First, overlapping units lead to an increase of the importance of inequality within subgroups on total inequality.

Second, they introduce some non trivial problems into the measurement of the inequality between subgroups.

Third, they pose relevant questions on the interpretation of inequality between subgroups.

Given a poor subgroup A and a non-poor subgroup B, we need to interpret the contribution to the inequality between subgroups given by a unit belonging to A, which is richer than a unit belonging to B. Or, analogously, we need to interpret the contribution to the inequality between subgroups given by a unit belonging to B, which is poorer than a unit belonging to A.

A related point to be addressed is whether overlapping units belonging to A are to be classified as “poor” and whether overlapping units belonging to B are to be considered as “non-poor”.

It follows that overlapping component requires a more detailed framework for both the measurement and the interpretation of inequality.

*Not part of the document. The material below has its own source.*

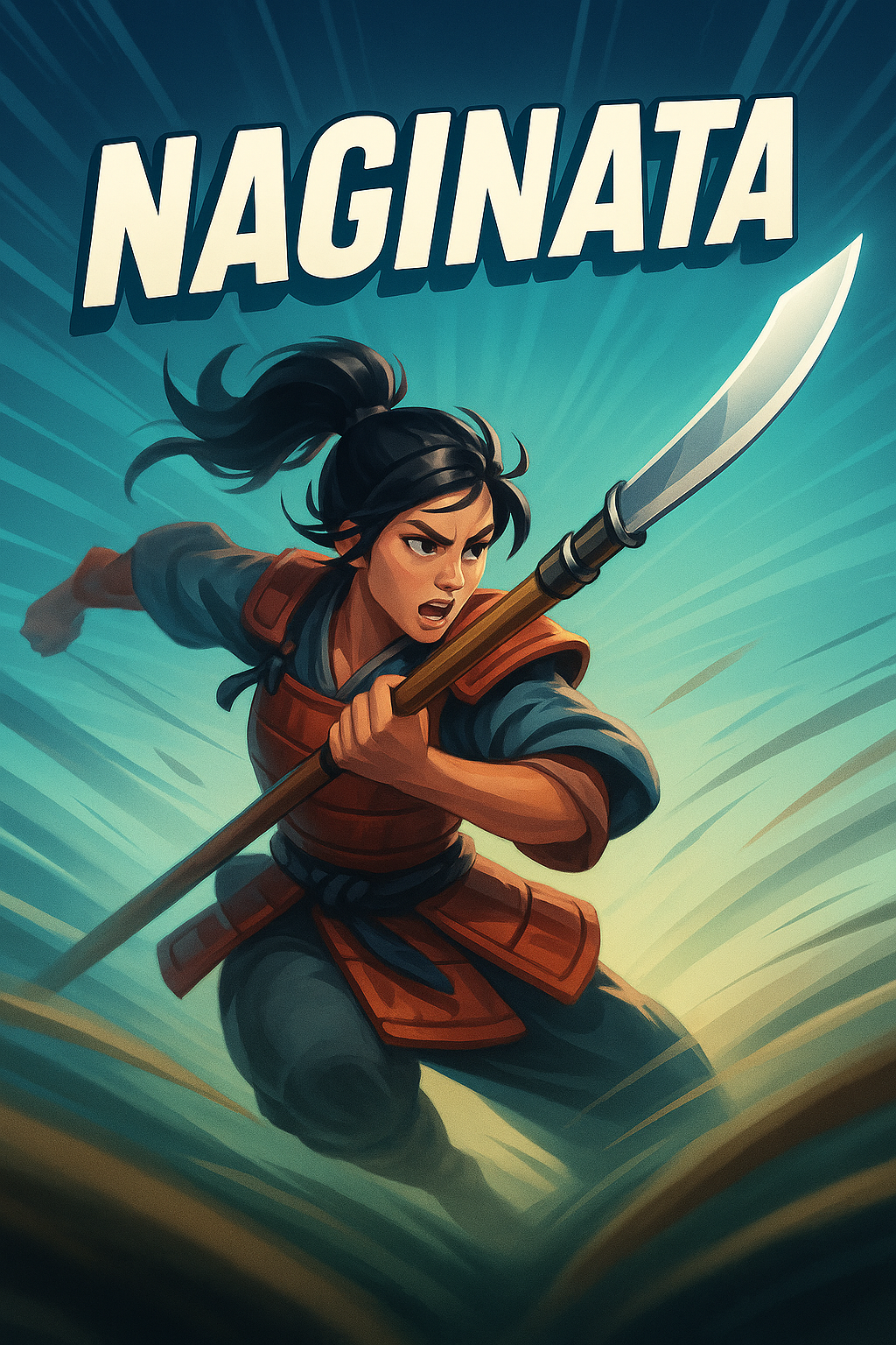 A fierce warrior, wielding a naginata, charges forward with determination. The dynamic background features sweeping lines and vibrant colors, enhancing the sense of movement.

In particular, in order to properly evaluate and explain total inequality, overlapping units have to be analyzed separately from non overlapping units.

Furthermore, the aim of inequality decompositions is generally related to the identification of the relevant factors determining the inequality structure. Given a possible inequality factor (such as gender, working condition, education level, area of residence, etc.) and having decomposed the inequality in terms of such factor, high levels of overlapping indicate that the factor only slightly contributes to total inequality, while low levels of overlapping suggest a stronger contribution. Therefore, overlapping analysis provides a powerful insight on inequality structure and also allows to assess the importance of the various factors on total inequality.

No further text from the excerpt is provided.